» **TASK PROMPT**: Nothing outside the range is to be copied. From the entries below, reproduce exactly the lines starting at the one with "二方 西約9.7m公道、間口:約9.8m 南約7.1m公道、間口:約13.2m |" and ending at the one with "by hand with gold and silver highlights.", without pictures.

(Beginning of GIVEN ENTRIES)

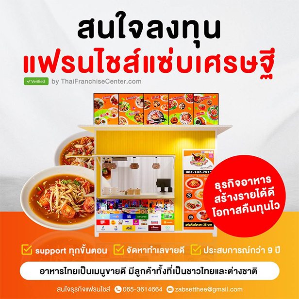 แซ่บเศรษฐี แฟรนไชส์ร้านส้มตำสุดแซ่บ ที่มาพร้อมไอเดียสุดเริ่ด จัดร้านแต่งร้านในบรรยากาศสุดชิลล์ พร้อมด้วยเมนูอาหารรสเลิศ ผู้ลงทุนไม่จำเป็นต้องมีประสบการณ์ มีทีมงานวิเคราะห์ทำเลให้ก่อนเปิดร้านพร้อมการฝึกอบรม + สอนสูตร ปัจจุบันถือเป็นแฟรนไชส์สร้างอาชีพที่ลงทุนคุ้มค่า โอกาสคืนทุนไว กำไรเร็ว
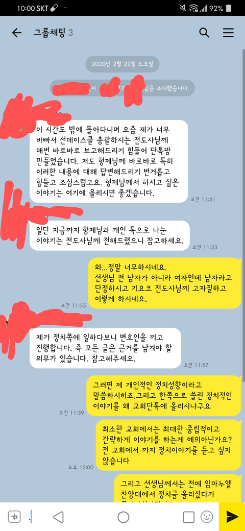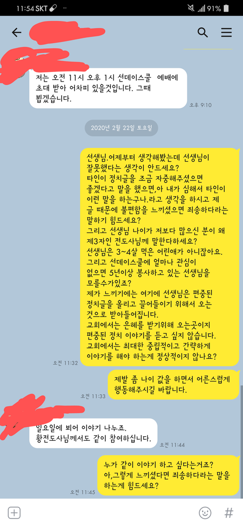 그리고 전도사님께 무슨 이야기를 한지 모르겠지만,전도사님께서 얌전히 있는 사람에게 왜 이런말을 하게해서 심란하게 만드냐,겨우겨우 모시게됬는데 그런말을 해서 다음날 은혜받지못허게 막느냐,니가 사회생활안해봐소 모르는데 그런식으로 했다간 고립될수있다.라는 식으로 절 깎아 내리더라구요.
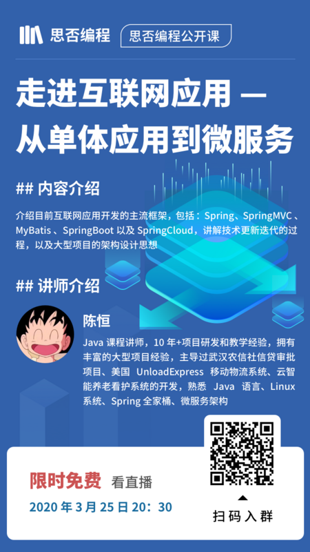 陈恒:Java课程讲师,10年+项目研发和教学经验,拥有丰富的大型项目经验,主导过武汉农信社信贷审批项目、美国UnloadExpress移动物流系统、云智能养老看护系统的开发,熟悉Java语言、Linux系统、Spring全家桶、微服务架构,授课风格风趣幽默、深入浅出、干货满满。
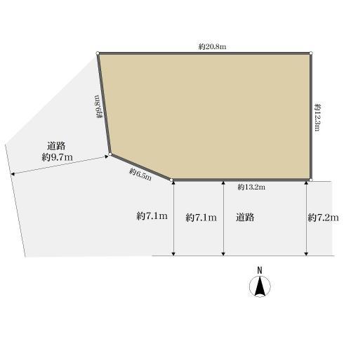 二方 西約9.7m公道、間口:約9.8m 南約7.1m公道、間口:約13.2m |
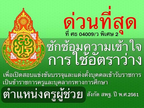 ซักซ้อมความเข้าใจการใช้อัตราว่างเพื่อเปิดสอบแข่งขันบรรจุและแต่งตั้งบุคคลเข้ารับราชการเป็นข้าราชการครูและบุคลากรทางการศึกษา ตำแหน่งครูผู้ช่วย สพฐ.
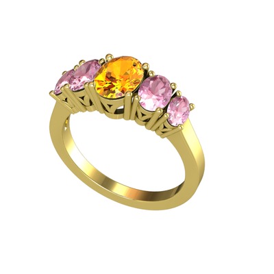 Sitrin ve pembe kuvars 14 ayar altın yüzük
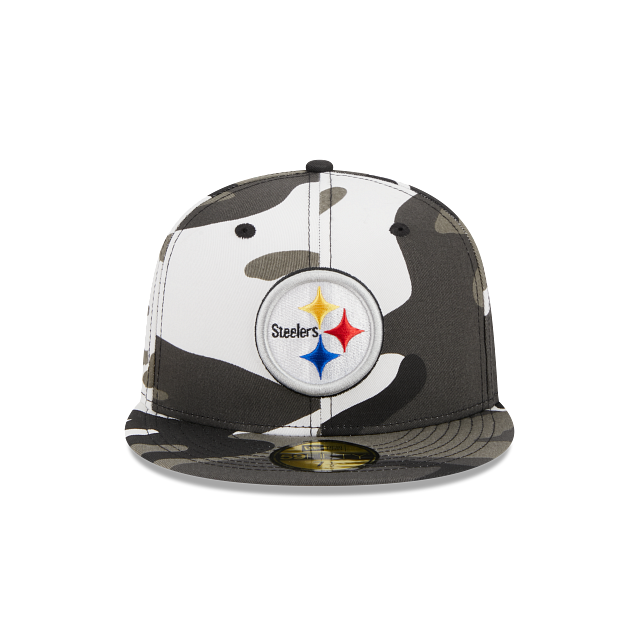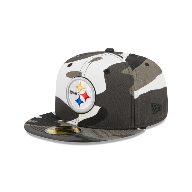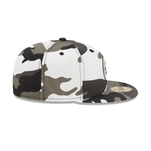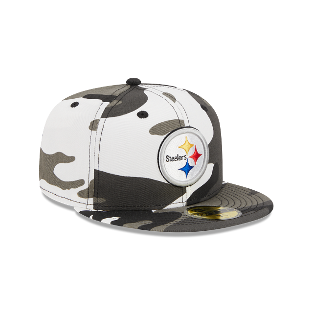 Esta gorra New Era 59FIFTY de Pittsburgh Steelers de la colección NFL Camo presenta el logo de los Steelers bordado en los paneles frontales, con una combinación de color blanco y gris y un patrón de camuflaje. Dale un toque de aventura a tu outfit. Cómprala ya.
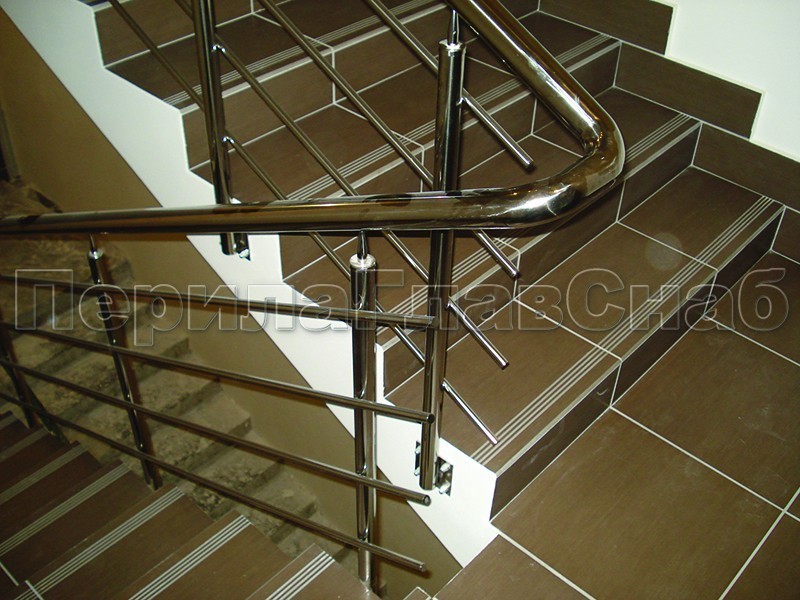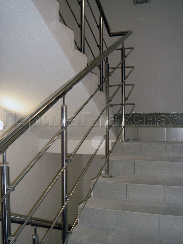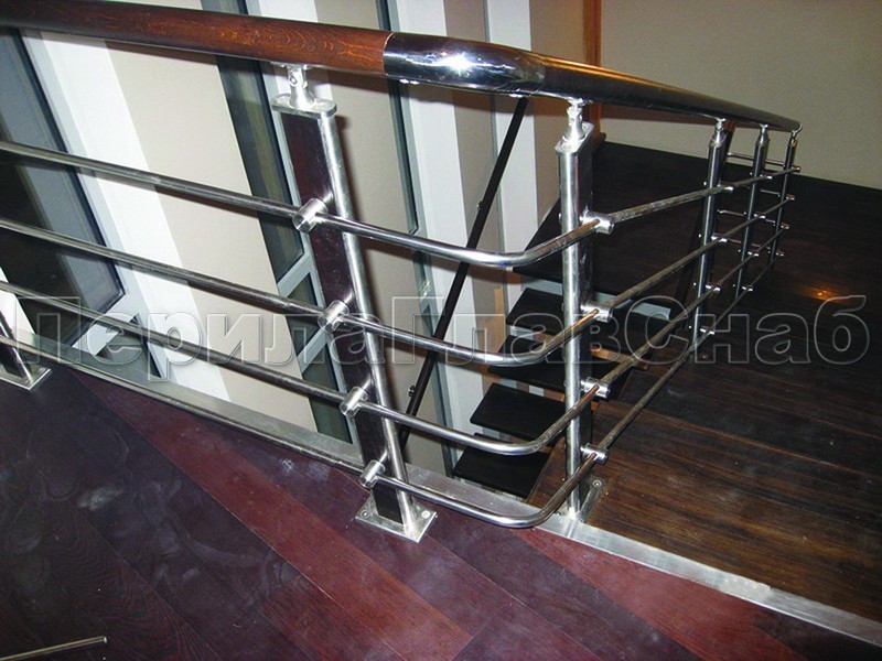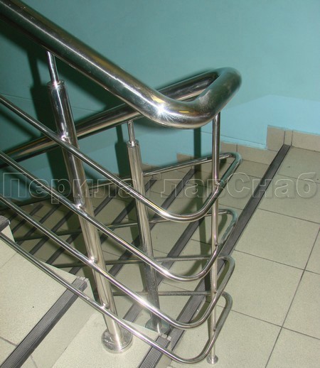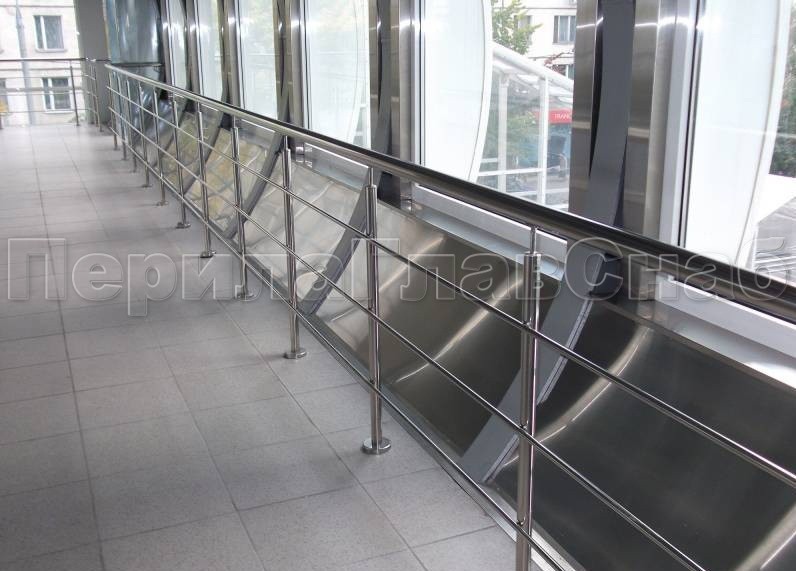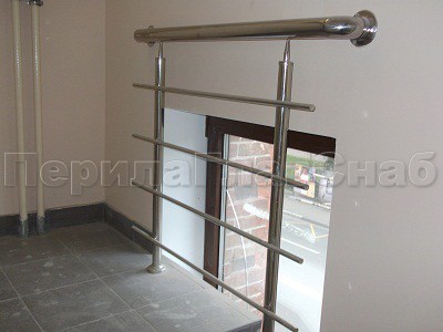 Записаться на встречу Четыре ригеля на держателях, квадратный поручень и круглые стойки
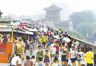 这是游客在山海关景区游览(2013年8月3日摄)。
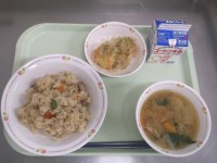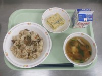 9月19日(金)牛乳舞茸とごぼうのごはん五目卵焼き沢煮椀 鶏ひき肉やにんじん、ほ...
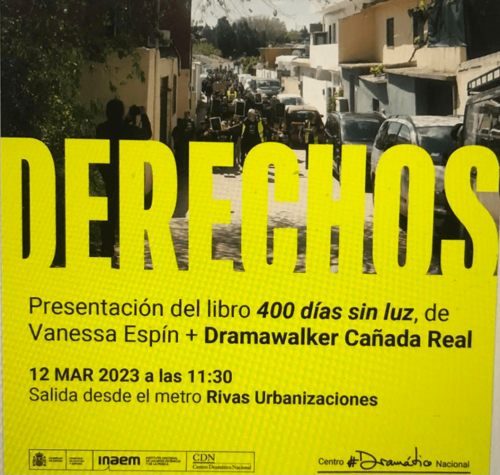 Únete al #Dramawalker por el barrio donde, además, presentaremos el texto de la obra #400DíasSinLuz«, una conmovedora crónica de la vida cotidiana de los habitantes de la Cañada Real. 📖
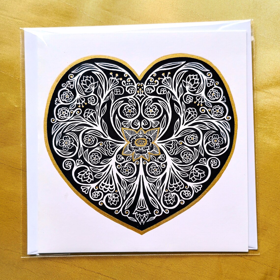 by hand with gold and silver highlights.
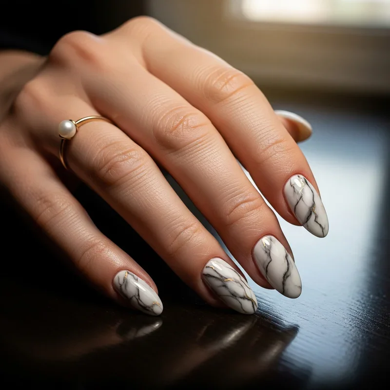 Marble nails look like tiny pieces of art, but you don't need to be Michelangelo to create them. The water marble technique involves dropping different nail polish colors into a cup of room temperature water, swirling them with a toothpick, and dipping your nail through the design. Alternatively, try the dry marble method using a plastic bag. Apply drops of different colors onto the bag, swirl them together, let them partially dry, then press your nail onto the design. Both methods create unique patterns every time, so no two nails will look exactly alike. White, black, and gold create a luxe marble effect, while pastels give a dreamy, ethereal vibe. Seal with a glossy top coat to enhance the marble's depth.
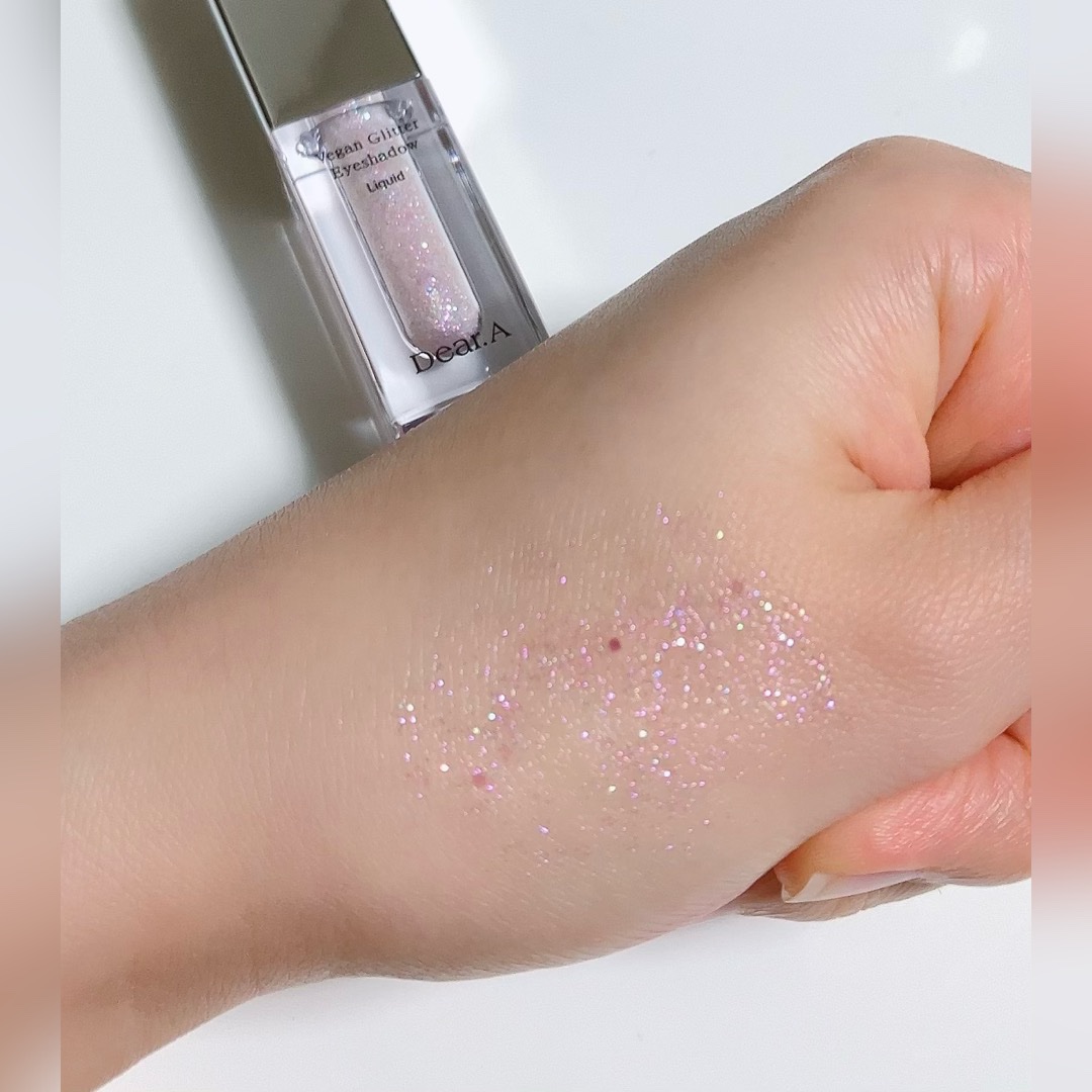 Dear.A グリッターアイシャドウ 01 MAUVEはピンクパープルに輝くグリッターです💕🫶🏻 多彩なカラーに輝く六角グリッターも時々入っていて小さいラメと大きいラメのバランスがとてもいいのに驚き😳 時間が経つとピタッと密着して落ちにくくなります! ただ、乾いたあとは少しラメ落ちしやすかったかな
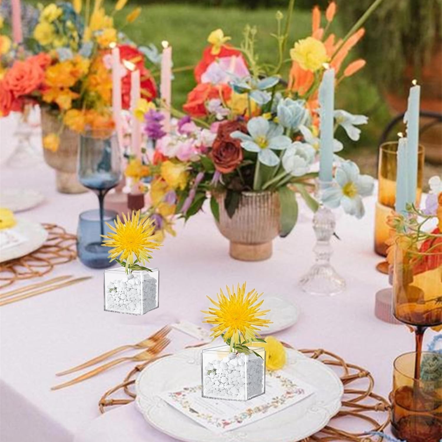 Small Acrylic Box Clear Square Cube 2 Packs Plastic Display Boxes with Lid Je...
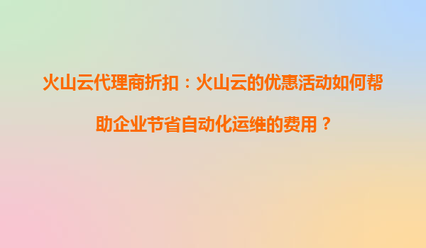 2025-08-14火山云代理商折扣:火山云的优惠活动如何帮助企业节省自动化运维的费用? 一、火山云的核心优势及自动化运维价值 火山云作为字节跳动旗下的云计算服务品牌,凭借其强大的基础设施、弹性伸缩能力和全球...
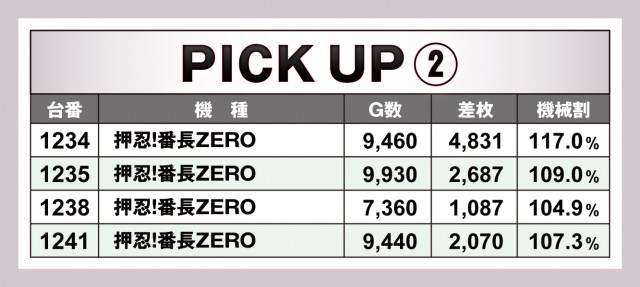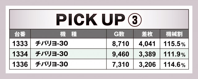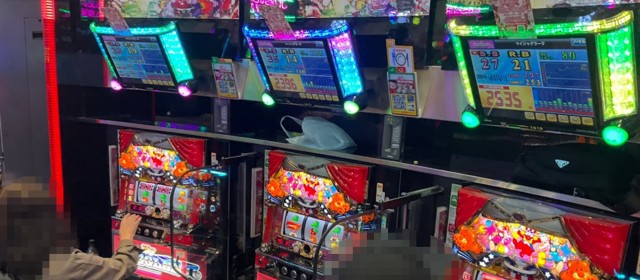 『ジャパンニューアルファ テームズ』はとにかく設置機種が多種多様。それゆえにアチラコチラから優秀台が飛び出てくるのだが、『マイジャグラーⅤ』や『押忍!番長ZERO』などのノーマルタイプやAT機の1番人気と言われる機種にはやはりそれらしき台が見て取れる。また、『チバリヨ-30』などの沖スロも抜かりなし。しかも、優秀台は終日稼働するレベルなので、やはり高設定らしい挙動だったということなのだろう。
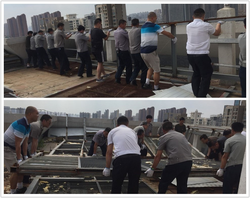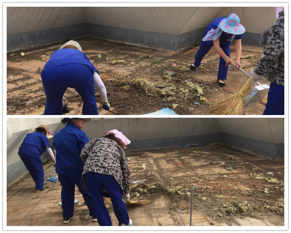 5月16日下午,西苑三期物业主任周洪波联合各项目安保队长、队员共同清理了西苑58栋顶楼拆卸的鸽子笼堆放物,大家团结合作、齐心协力将大件堆放物移至天台两端。经过一个小时的奋战,杂物终于清理完毕,保洁师傅们齐上阵清扫地面堆积已久的鸽子粪,并对天台地面进行清洗,为下一步彻底清杂和安装晾衣架做好准备。

(End of GIVEN ENTRIES)

» **TASK ANSWER**:
 二方 西約9.7m公道、間口:約9.8m 南約7.1m公道、間口:約13.2m |
 ซักซ้อมความเข้าใจการใช้อัตราว่างเพื่อเปิดสอบแข่งขันบรรจุและแต่งตั้งบุคคลเข้ารับราชการเป็นข้าราชการครูและบุคลากรทางการศึกษา ตำแหน่งครูผู้ช่วย สพฐ.
 Sitrin ve pembe kuvars 14 ayar altın yüzük
 Esta gorra New Era 59FIFTY de Pittsburgh Steelers de la colección NFL Camo presenta el logo de los Steelers bordado en los paneles frontales, con una combinación de color blanco y gris y un patrón de camuflaje. Dale un toque de aventura a tu outfit. Cómprala ya.
 Записаться на встречу Четыре ригеля на держателях, квадратный поручень и круглые стойки
 这是游客在山海关景区游览(2013年8月3日摄)。
 9月19日(金)牛乳舞茸とごぼうのごはん五目卵焼き沢煮椀 鶏ひき肉やにんじん、ほ...
 Únete al #Dramawalker por el barrio donde, además, presentaremos el texto de la obra #400DíasSinLuz«, una conmovedora crónica de la vida cotidiana de los habitantes de la Cañada Real. 📖
 by hand with gold and silver highlights.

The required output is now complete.